* _EXERCISE OBJECTIVE_
Nothing but an exact repeat of the data, with pictures removed, belongs in the answer.

* _INFORMATION PROVIDED_
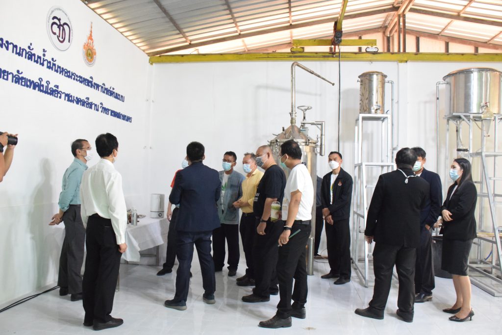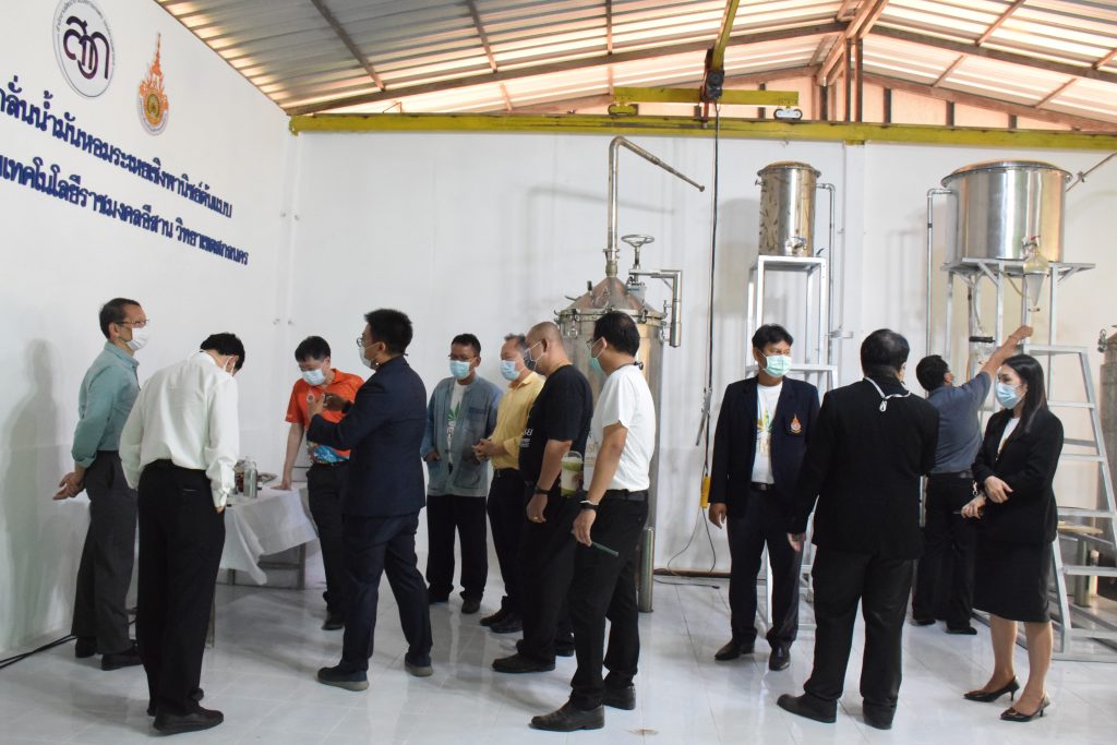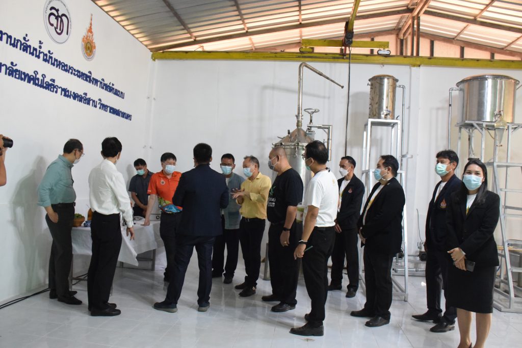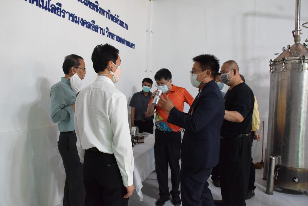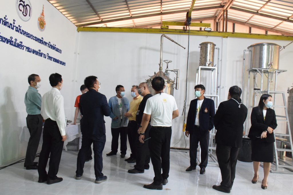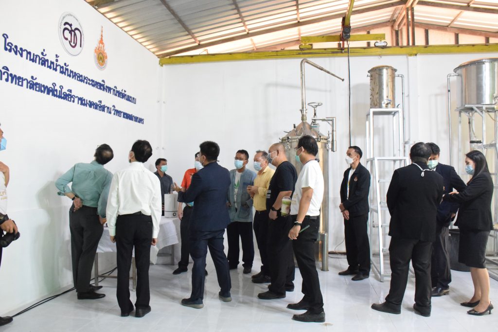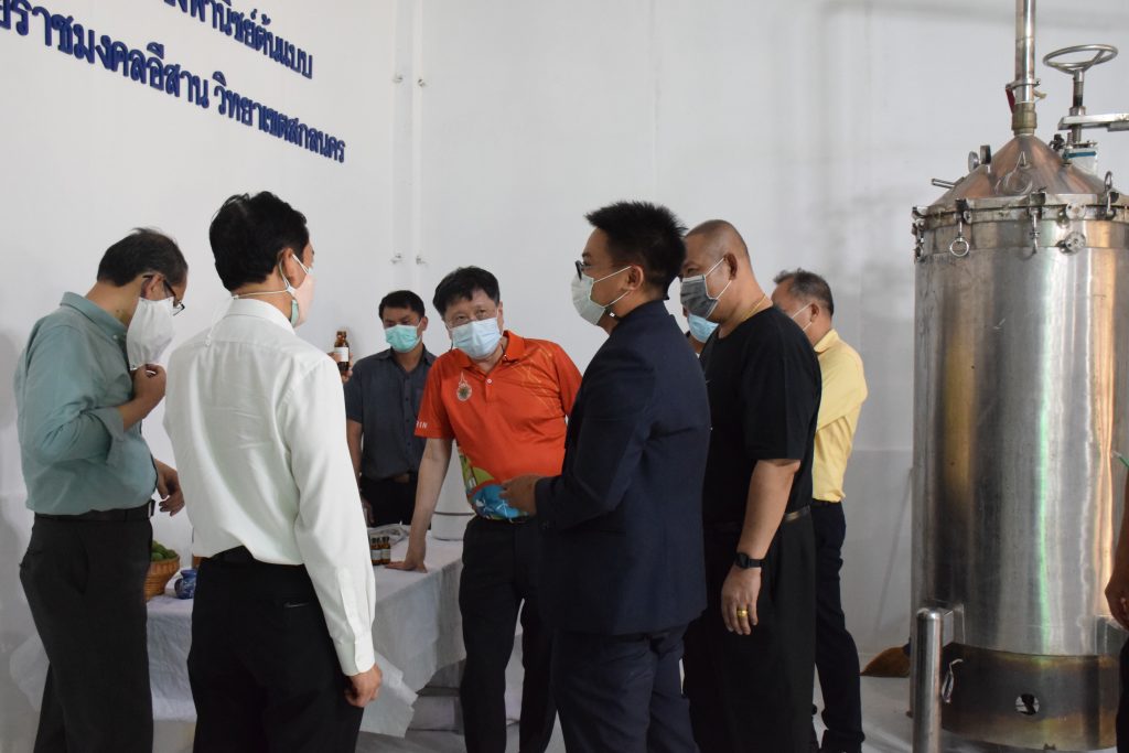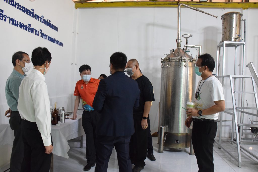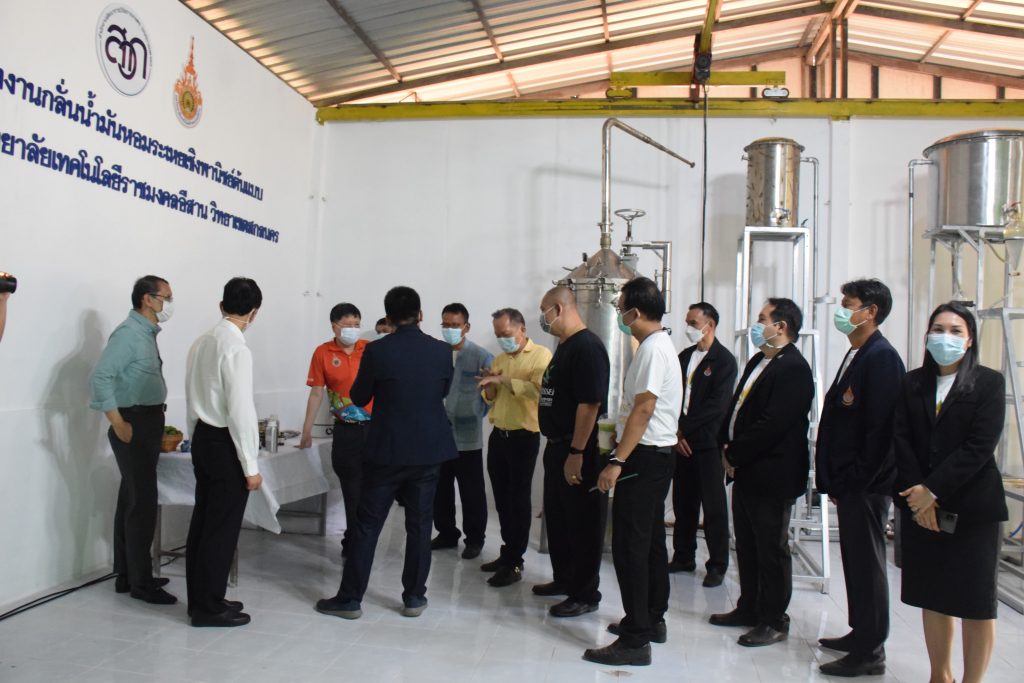 วันที่ 11 เมษายน 2565 คณะอุตสาหกรรมและเทคโนโลยี มทร.อีสาน วิทยาเขตสกลนคร นำโดย ผศ.น.สพ.ดร.ชเวง สารคล่อง รองอธิการบดีประจำวิทยาเขตสกลนคร พร้อมด้วย คณะผู้บริหาร บุคลากร คณะอุตสาหกรรมและเทคโนโลยี ร่วมต้อนรับ นายแพทย์ธีระเกียรติ เจริญเศรษฐศิลป์ นายกสภามทร.อีสาน พร้อมด้วยที่ปรึกษาสภามหาวิทยาลัย รศ.ดร.โฆษิต ศรีภูธร อธิการบดี และคณะผู้บริหาร มทร.อีสาน ในโอกาสเข้าเยี่ยมชมพื้นที่และดูงานโรงงานกลั่นน้ำมันหอมระเหยเชิงพานิชย์ต้นแบบ ณ โรงกลั่นน้ำมันหอมระเหยเชิงพานิชย์ต้นแบบ อาคารสำนักงานคณะบดีคณะอุตสาหกรรมและเทคโนโลยี ในการนี้ ผศ.ดร.สุริยา แก้วอาษา คณบดีคณะอุตสาหกรรมและเทคโนโลยี ร่วมต้อนรับพร้อมทั้งมอบของที่ระลึกในครั้งนี้ด้วย
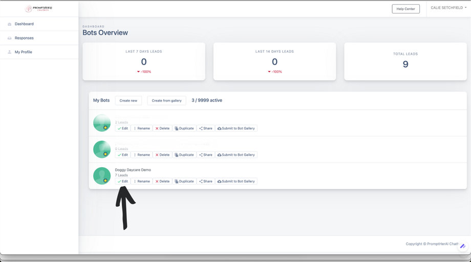Click on the bot you want to use and click Edit
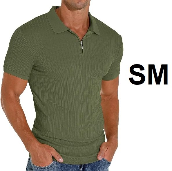 men's askdeer classic short sleeve slim fitting ribbed polo shirt - small - olive green
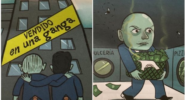 En la historieta se incluye a Nicias "N", ex director generak de Obras y Desarrollo Urbano, quien fue detenido hace una semana por la Fiscalía capitalina y que recibió el beneficio de llevar el proceso legal en prisión domiciliaria.

* _EXERCISE SOLUTION_
 วันที่ 11 เมษายน 2565 คณะอุตสาหกรรมและเทคโนโลยี มทร.อีสาน วิทยาเขตสกลนคร นำโดย ผศ.น.สพ.ดร.ชเวง สารคล่อง รองอธิการบดีประจำวิทยาเขตสกลนคร พร้อมด้วย คณะผู้บริหาร บุคลากร คณะอุตสาหกรรมและเทคโนโลยี ร่วมต้อนรับ นายแพทย์ธีระเกียรติ เจริญเศรษฐศิลป์ นายกสภามทร.อีสาน พร้อมด้วยที่ปรึกษาสภามหาวิทยาลัย รศ.ดร.โฆษิต ศรีภูธร อธิการบดี และคณะผู้บริหาร มทร.อีสาน ในโอกาสเข้าเยี่ยมชมพื้นที่และดูงานโรงงานกลั่นน้ำมันหอมระเหยเชิงพานิชย์ต้นแบบ ณ โรงกลั่นน้ำมันหอมระเหยเชิงพานิชย์ต้นแบบ อาคารสำนักงานคณะบดีคณะอุตสาหกรรมและเทคโนโลยี ในการนี้ ผศ.ดร.สุริยา แก้วอาษา คณบดีคณะอุตสาหกรรมและเทคโนโลยี ร่วมต้อนรับพร้อมทั้งมอบของที่ระลึกในครั้งนี้ด้วย
Click on the bot you want to use and click Edit
 men's askdeer classic short sleeve slim fitting ribbed polo shirt - small - olive green
 En la historieta se incluye a Nicias "N", ex director generak de Obras y Desarrollo Urbano, quien fue detenido hace una semana por la Fiscalía capitalina y que recibió el beneficio de llevar el proceso legal en prisión domiciliaria.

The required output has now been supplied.